La ventana de su padre, que no era su
preferida, se iluminaba de pronto y Lange dice que le parece que tiene la
tristeza de los encabezamientos de cartas interrumpidas que uno deja en un
cajón. Esta es otra de sus preferencias elementales, y mi favorita: asemejar
los objetos, situaciones, sentimientos con la materialidad de la escritura. Quizás,
como piensa Agamben, porque cada vez que irrumpe la infancia es una experiencia
de lenguaje, y la escritura -como materia: pura disponibilidad- es una potencia
que puede decir lo aún no dicho ni vivido, o vivido de nuevo, como novedad. Así
ocurre con la ventana, como con la muerte de su padre, cuya noticia se agrandó
como si el ruido de la puerta “se hubiera levantado en una interjección final y
triste”.


En la misma atmósfera de materialidad e
insignificancia escrituraria, entre las intensas y fascinantes actividades de
Norah sobresale su pasatiempo predilecto que denominaba “solitario
tipográfico”. “Con una tijera recortaba palabras de los periódicos locales y
extranjeros, y las iba apilando en montoncitos. La mayor parte de las veces
desconocía su significado, pero esto no me preocupaba en lo más mínimo. Sólo me
atraía su aspecto tipográfico, la parte tupida o rala de las letras”. Las
mayúsculas le producían gran entusiasmo, las letras enmarañadas, los palotes
tiesos de las eles y de las tes, y así en ese “solitario tipográfico” creyó en
la palabra en sí, en que su belleza alcanza su plenitud dentro de ella misma.


Entonces ocurre que dos preferencias se unen:
dedos y escritura, cuando sabemos de su costumbre de contar con los dedos las
sílabas mientras alguien hablaba con ella, perdiendo el significado de la
conversación. Esta manía necesitaba alcanzar las diez sílabas para
tranquilizarse, y aún de tiempo en tiempo, los dedos de la escritora recorren
las diez sílabas de una frase pero ya habiendo logrado escucharla.

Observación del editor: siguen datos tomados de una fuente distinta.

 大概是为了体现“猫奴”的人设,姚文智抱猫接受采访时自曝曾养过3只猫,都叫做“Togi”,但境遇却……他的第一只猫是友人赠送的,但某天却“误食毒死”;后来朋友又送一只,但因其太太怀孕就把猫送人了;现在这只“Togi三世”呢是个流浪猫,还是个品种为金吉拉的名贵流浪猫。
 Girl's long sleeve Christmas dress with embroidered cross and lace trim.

Del mismo modo se repite esa reunión en el insistente
furor por espiar, mirar todo ya que una de las cosas que capta su contemplación
igualmente se asemeja a un material escriturario. Los dedos, esos entes que le
fascinan, los suyos propios o los de otras personas, experimentan casos
peculiares. Uno de ellos es el de una de sus hermanas. Los dedos y las manos de
su hermana eran lacerados por un hábito inquietante: “se arrancaba con las uñas
todo el pellejo de las manos”. “Siempre recordaré sus manos -dice. Con todo el
pellejo levantado, se parecían a las hojas de un libro que se ha leído muchas
veces y que tienen los bordes curvados hacia atrás. Ignoro cómo soportaba el
contacto con las cosas, el roce de la ropa, de su propia carne.”

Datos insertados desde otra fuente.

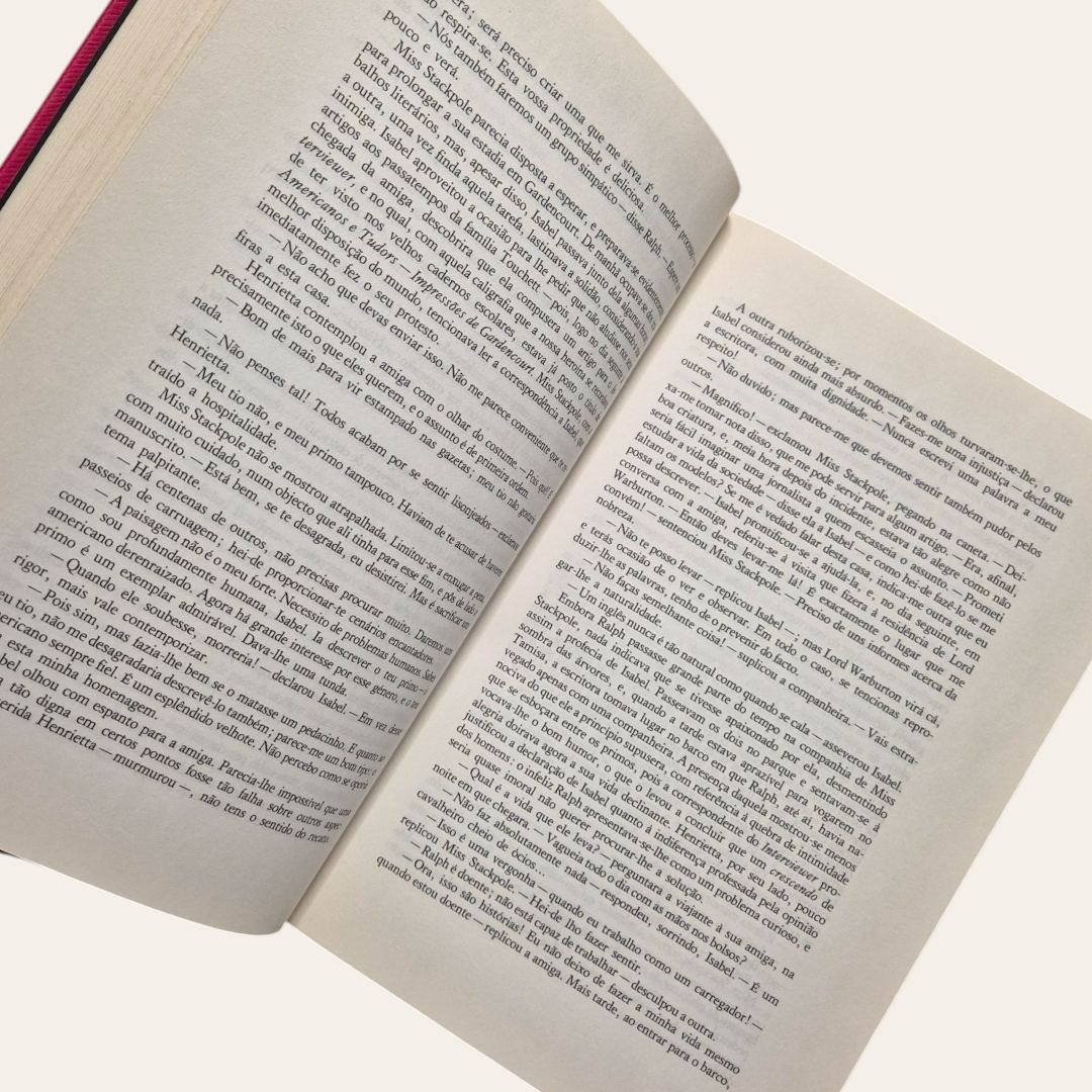 Henry James revela magistralmente nesta obra a subtil tragédia da inocência perdida e dos sonhos desfeitos. O autor constrói sua história como um jogo em que cada coisa se converte no seu oposto: liberdade em destino, afeto em traição, pureza em astúcia e vice-versa.

Giorgina, otra de sus hermanas, también sufrió
una experiencia traumática con un dedo al introducir su mano en la máquina de
lavar. Cuando Norah decide por fin aproximarse a ella para ver la herida,
repara en su dedo, chato, un dedito “acaso separado de la mano”. Giorgina, quien
también le provoca la imagen de la escritura. Su figura pulcra y reposada es
comparada con esos niños esmerados que tienen buena letra y que forran sus
libros con papel madera antes de leerlos.


Y su propio dedo. Su dedo que aún muestra una
marca blanca y que se electriza cuando roza algún objeto es el que sufre el más
encantador de los dramas. Su dedo fue cortado por un cuchillo afilado en un
forcejeo con sus hermanas. Después de llevarlo atado varias semanas, cuando le
quitaron las vendas la cicatriz “parecía más viva que nunca”. Y una noche,
después de beber un poco de champagne que les habían permitido, cuando todo
parecía olvidado, su dedo le habló. Un cosquilleo levantó su dedo herido y ese cosquilleo
se traducía en una palabra “Itilínkili”, el dedo la miraba, y repetía
“Itilínkili”. Le pareció que esa palabra era un reproche porque ya no lo
vigilaba todos los días. “Itilínkili, Itilínkili… lo oía repetir, hasta que me
dormí con la sensación de que el dedito permanecía de pie, toda la noche,
diciéndome su tristeza”. Cada vez que bebía, el dedo se incorporaba y le
hablaba su palabra. “Ahora ya no lo oigo más. Itilínkili, Itilínkili…”.

 

Episodios inquietantes se reiteran. La espía
Norah acompañada de una de sus hermanas se asoman en puntas de pie al
dormitorio de su hermano menor, Eduardito, intrigadas porque su llanto había cesado
y su otra hermana, que había acudido a atenderlo, no retornaba a su habitación.
Así ven cómo Irene, de trece años, imitaba el amamantamiento de su madre con su
hermano. Resentidas, disgustadas se retiran de la escena sintiendo que su
hermana ya era grande.


Otra vez en calidad de fisgona se indigna ante
un incidente que protagoniza su hermana Marta. Se trata de un juego que
practicaba. Norah se acerca al corral donde se encontraban las chivas y
descubre a Marta levantando sus colas para introducirles una ramita.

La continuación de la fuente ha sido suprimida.